La seule position qui peut être commune à des éléments qui rompent avec une organisation bourgeoise pour passer au prolétariat, c'est : nous avons tous été des aveugles. Mais on le comprend aisément, une telle position est une base peu flatteuse personnellement et politiquement plus qu'insuffisante, pour permettre la formation d'une organisation qui cherche en premier lieu à rejoindre la clairvoyance de la classe révolutionnaire. Sur la base de la seule dénonciation d'une organisation dans laquelle on a milité et qui faisait partie du camp du capital il est impossible de s'organiser. Sur cette base, il ne peut exister qu'une somme d'individus qui après avoir reconnu l'erreur bourgeoise qu'ils avaient commise, doivent reprendre individuellement le chemin du camp prolétarien. Individuellement, car la seule chose qui les lie entre eux est une participation effective au travail du capital.

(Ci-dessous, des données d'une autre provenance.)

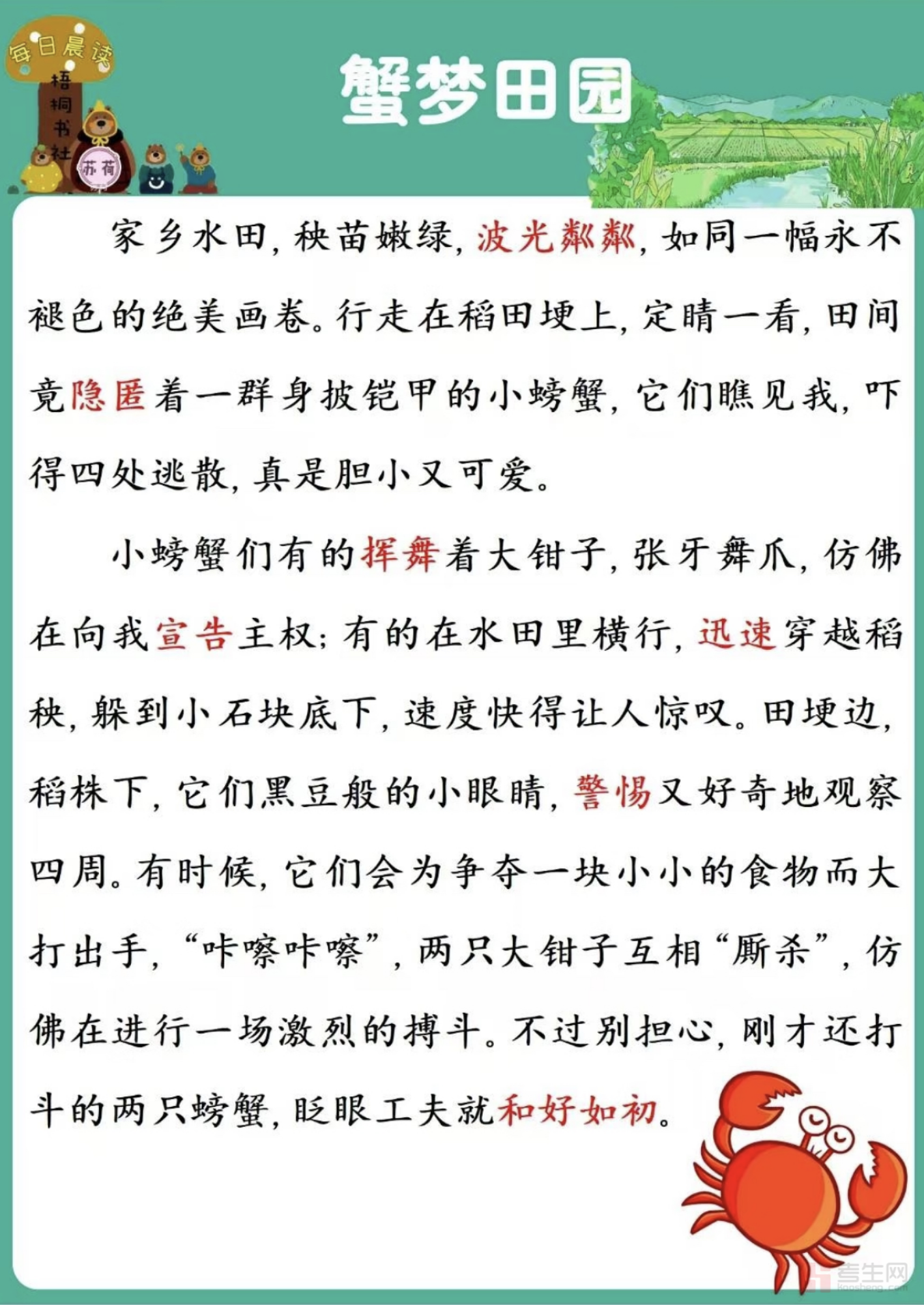 《蟹梦田园》晨读 + 练笔资料,用文字邂逅田园里的蟹趣时光

Or, c'est précisément ce lien qu’il est indispensable de dissoudre en premier lieu. Chaque fois que cette dissolution n'a pas lieu, il y a inévitablement conservation des fondements politiques de l'organisation "mère". Il y a filiation avec les forces du capital.

Cette filiation peut prendre parfois la forme de la révolte infantile, du "contre-pied systématique". On croit alors rompre les liens avec l'organisation d'origine en s'efforçant de défendre "le contraire" de tout ce que pouvait défendre l'ancienne. Mais le critère d'orientation politique n'est pas pour autant l'expérience historique des luttes de la classe ouvrière. Lorsqu'on s'attache essentiellement à prendre le contre-pied d'une idéologie bourgeoise on ne peut aboutir qu'à un symétrique tout aussi bourgeois que la première. On demeure prisonnier de la même idéologie car on se détermine toujours par rapport aux idées politiques du capital et non en fonction de la lutte historique du prolétariat.

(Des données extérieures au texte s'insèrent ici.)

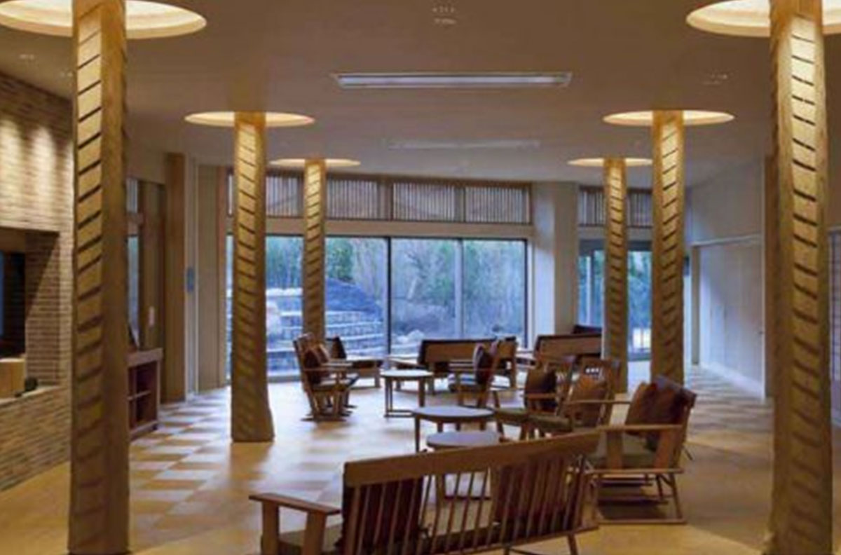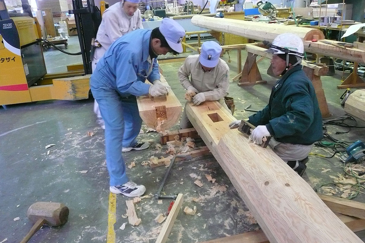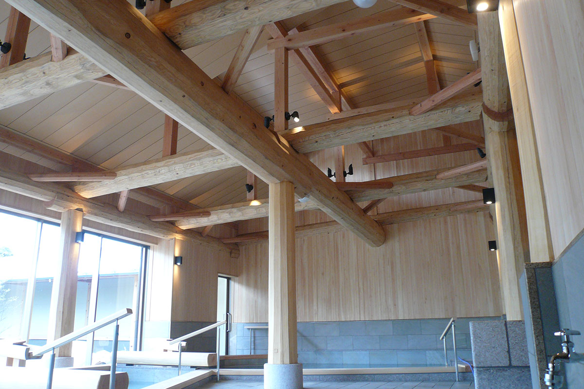 大浴場の小屋梁組に使用された杉の大径木は当社工場でなぐり加工。ホゾ組みされ、仮組みされたうえで、現場に搬入され、組み上げられた。

Ce genre de réaction est particulièrement fréquent en milieu "contestataire" étudiant. L'anarchisme, le "situationnisme" et autres apparentés du "cardanisme", se sont définis surtout en réaction au stalinisme et à son petit-fils, le trotskysme. Tout ce qui de loin ou de près ressemblait à un de ces derniers était réactionnaire et parallèlement était bon, "révolutionnaire", tout ce qui pouvait paraître être une critique de ces idéologies.

Le résultat était, entre autres, le rejet de la révolution russe, la plus grande expérience de la classe ouvrière, le rejet du marxisme et, sous une forme plus ou moins nette, le rejet de toute l'expérience historique de la classe considérée comme "vieille chose". Quant aux positions sur les problèmes fondamentaux de la lutte de classe, il est frappant de constater combien elles finissaient souvent par retrouver le "concret" de celles des groupes trotskystes et staliniens tant abhorrés.

Les organisations politiques de la bourgeoisie, aussi "radicales" et "révolutionnaires" se prétendent-elles, jouent -consciemment ou non, cela est secondaire- une fonction précise au service du capital. L'exercice de cette fonction crée des liens puissants qui les rattachent au capital au point d'y empêcher toute scission révolutionnaire, tout enfantement organisé au profit du prolétariat.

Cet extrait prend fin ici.